It had been 11 years since my last colonoscopy, mostly because life pushed it aside. Caregiving had turned our calendar into a rotating list of hospital shifts and logistics, and the nearest facility was about 60 miles away, which made something simple feel enormous. The delay felt like neglect and like sacrifice at the same time, and that tension is familiar to a lot of caregivers.

I admit I was nervous. The word cancer changes how you imagine your body, and you start treating every ache like a siren. Still, I wanted reassurance, not panic, and I wanted to show up for my own health the way I try to for others.

When the doctor finally came through the curtain, I decided to break the tension with a joke. “Look a here … if you’re havin’ a hard time finding the hole in the curtain, I’m a little concerned about you rootin’ around where you’re about to go.” He laughed, said he knew what he was doing, and that brief bit of levity made the rest of the process oddly calmer.

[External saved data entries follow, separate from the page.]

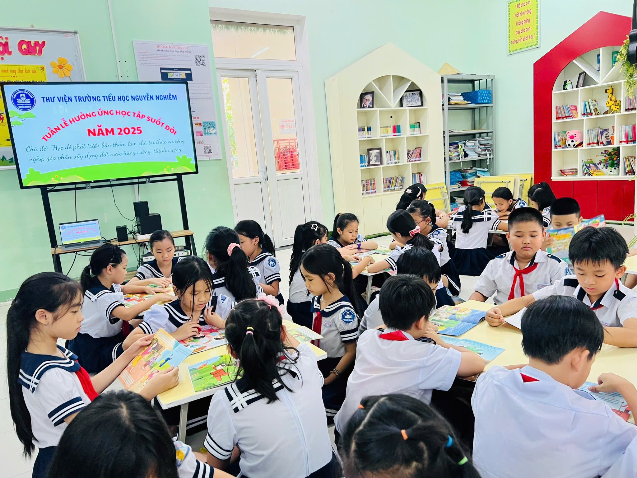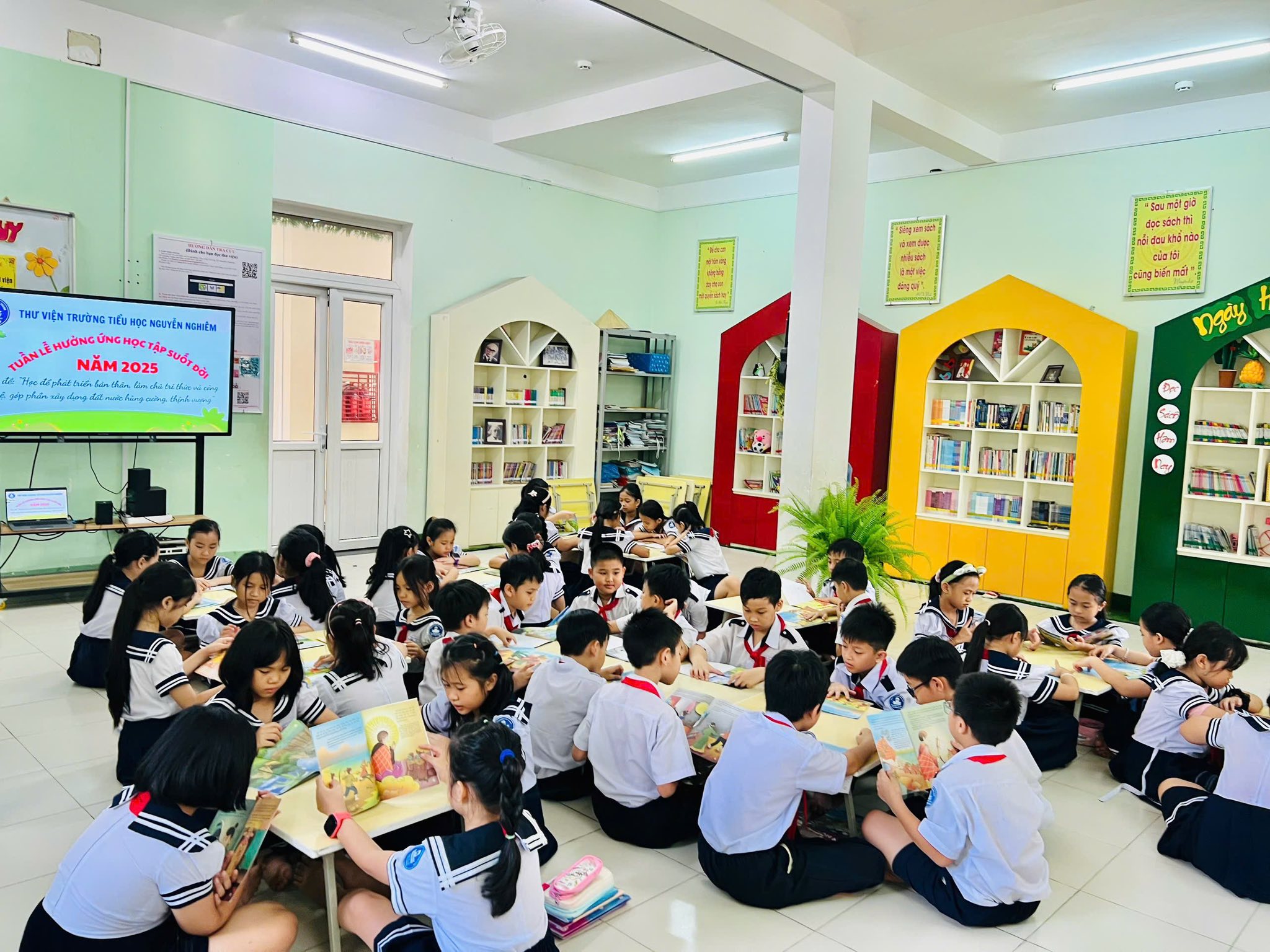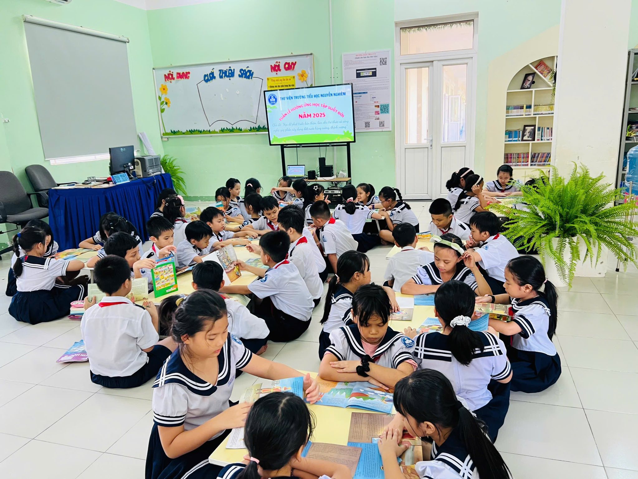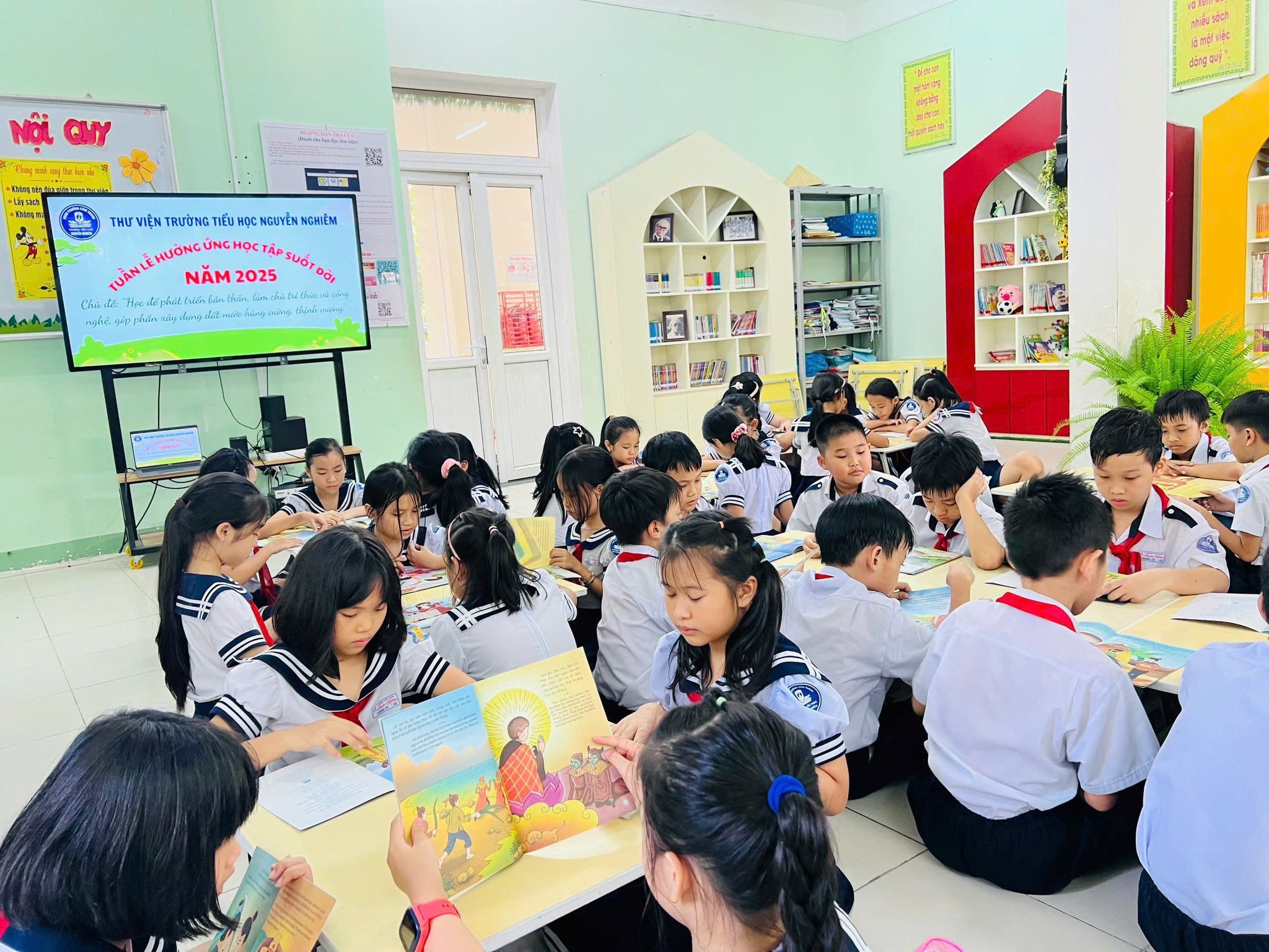 Thực hiện Công văn số 5607/BGDĐT-GDNNGDTX ngày 15/9/2025 của Bộ Giáo dục và Đào tạo về việc tổ chức Tuần lễ hưởng ứng học tập suốt đời năm 2025; Công văn số 2996/UBND-KGVX ngày 30/9/2025 của UBND tỉnh về việc tổ chức Tuần lễ hưởng ứng học tập suốt đời năm 2025; Công văn số 1306/SGDĐT-GDTXHSSV ngày 30/9/2025 của Sở Giáo dục và Đào tạo, UBND phường đề nghị các cơ quan, đơn vị, cơ sở giáo dục (viết tắt là đơn vị) trên địa bàn phường tổ chức Tuần lễ hưởng ứng học tập suốt đời năm 2025. Trường Tiểu học Nguyễn Nghiêm đã tổ chức Tuần lễ hưởng ứng học tập suốt đời với chủ đề: “Học để phát triển bản thân, làm chủ tri thức và công nghệ, góp phần xây dựng đất nước hùng cường, thịnh vượng” được tổ chức từ ngày 01/10/2025 đến ngày 07/10/2025.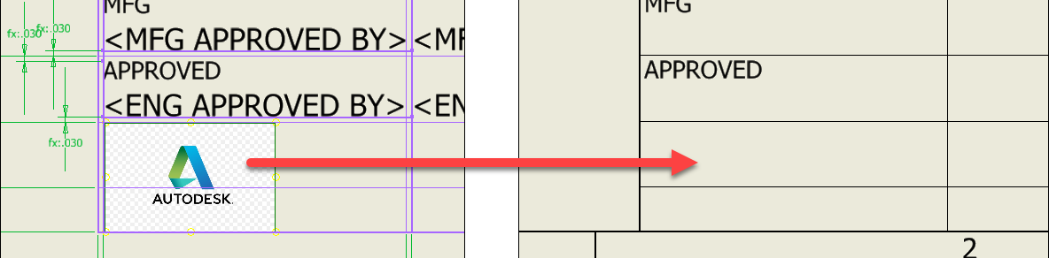 Появляется основная рамка с размерами .В верхнем меню выбираешь Insert>Insert Image . . . щелкаешь на поле для указания координат верхнего левого угла рисунка,далее выбираешь необходимый рисунок .После вставки рисунка правая кнопка>Done . Изменяешь размер рисунка, перетаскиваешь в нужное место, правая кнопка>Save title block . Всё .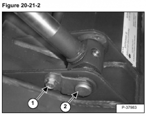 Remove the bolt (Item 1) and the retainer (Item 2) [Figure 20-21-2] from the Bob-Tach and tilt cylinder rod end pivot pin.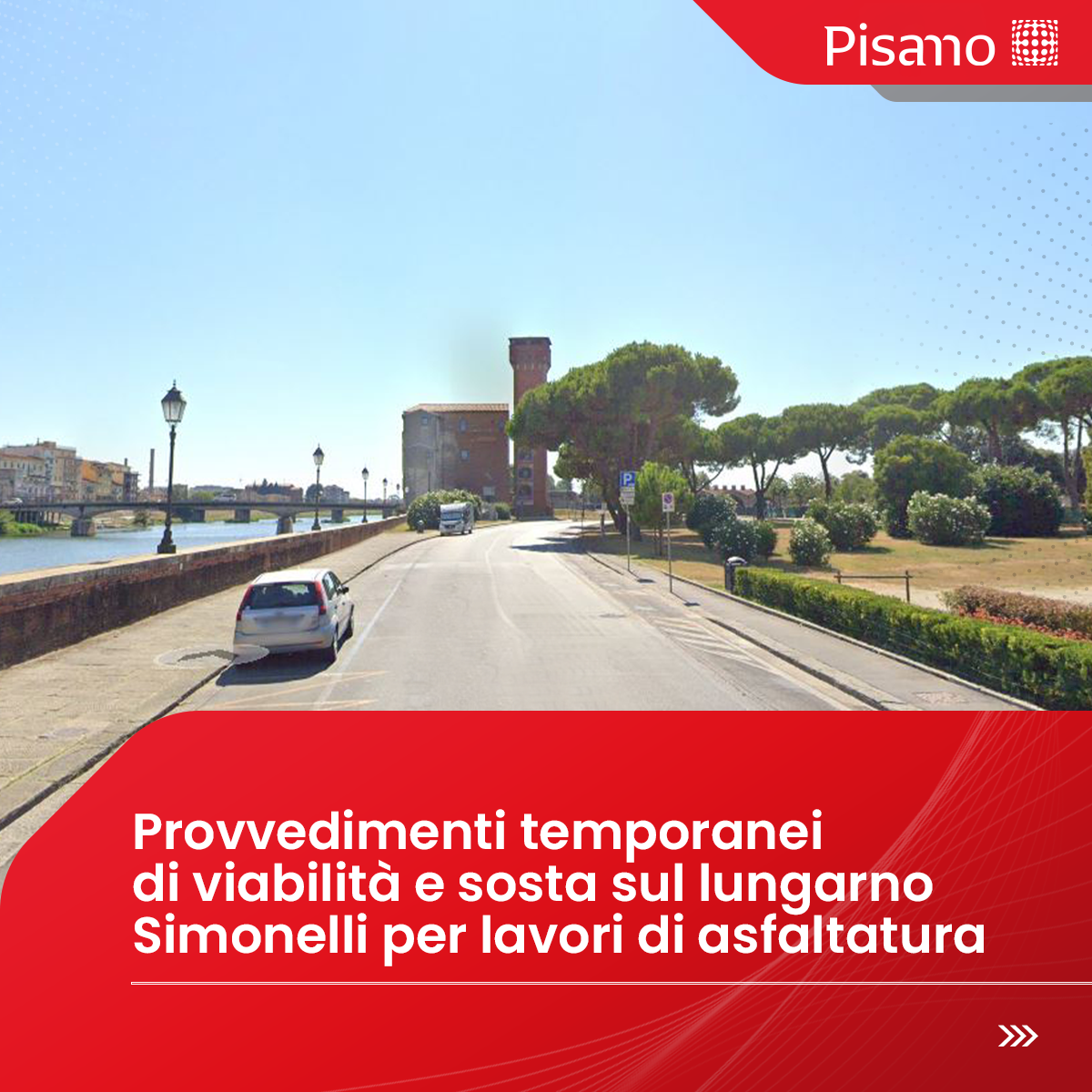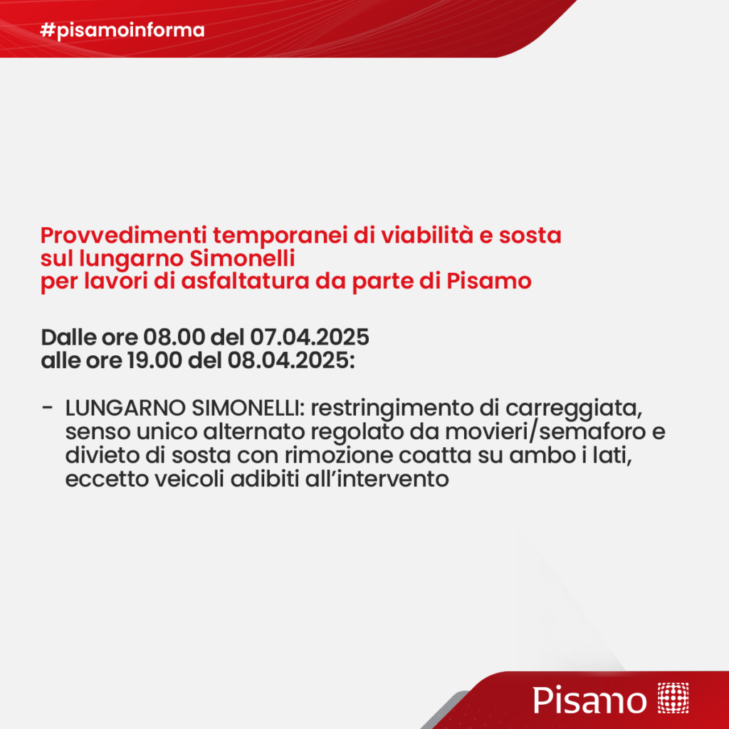 Provvedimenti temporanei di viabilità e sosta sul lungarno Simonelli per lavori di asfaltatura dal 7/04/2025 al 8/04/2025
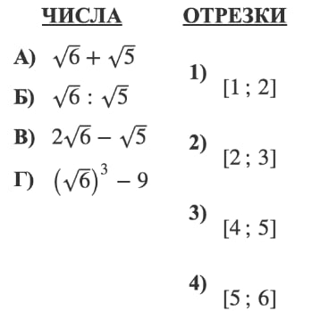 Каждому из четырёх чисел в левом столбце соответствует отрезок, которому оно принадлежит. Установите соответствие между числами и отрезками из правого столбца.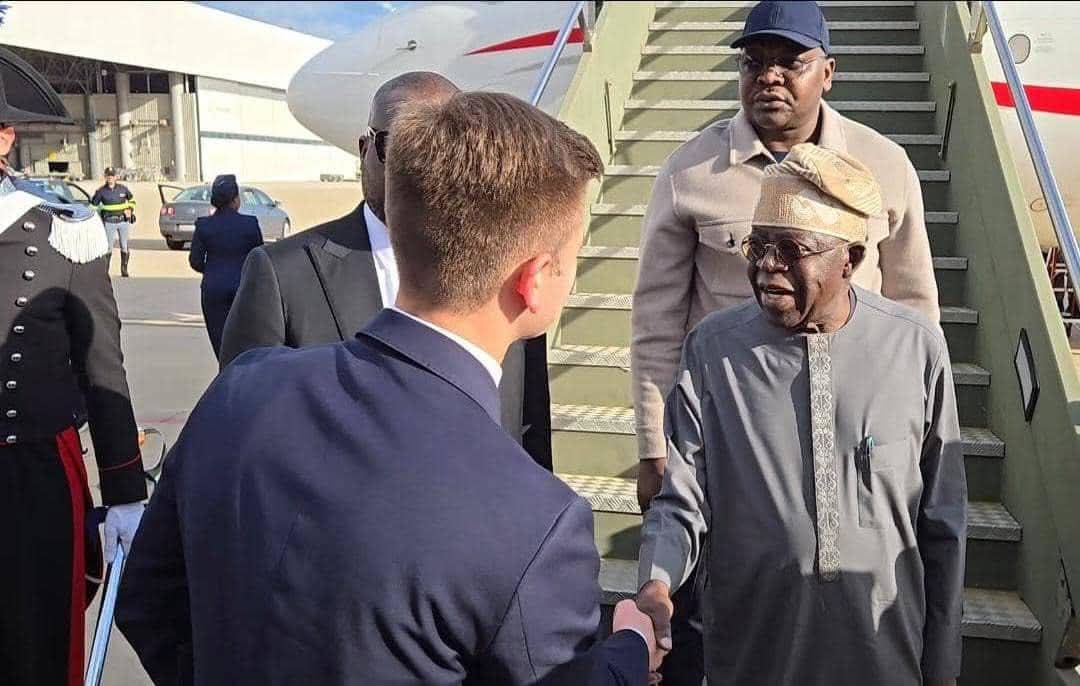 Upon arrival at the Mario De Bernardo Military Airport at 6:00 pm local time, President Tinubu was received by Nigeria’s Minister of State for Foreign Affairs, Ambassador Bianca Odumegwu-Ojukwu, along with representatives from the Vatican and the Nigerian Embassy.

Humor in hospitals is not about disrespect. It is a tiny counterweight to fear, a way to keep your head from filling with worst-case scenarios. I’ve watched families laugh at the strangest times because it gives them a moment to breathe and then carry on. In those small breaths there is resilience.

Two weeks before the colonoscopy I played piano at a pastor’s funeral and managed to slam the piano lid right into my sleeve. The crack was ridiculous, the congregation jumped, and then the room cracked open into laughter. Not to insult grief, but to remember that laughter can make the load carryable for a few minutes.

Somewhere along the way, we started treating seriousness like stiffness, as if being solemn automatically means you are honoring what hurts. I think that is backwards. A well-placed laugh can be an act of care, not denial, and can help people return to their sorrow with stronger shoulders.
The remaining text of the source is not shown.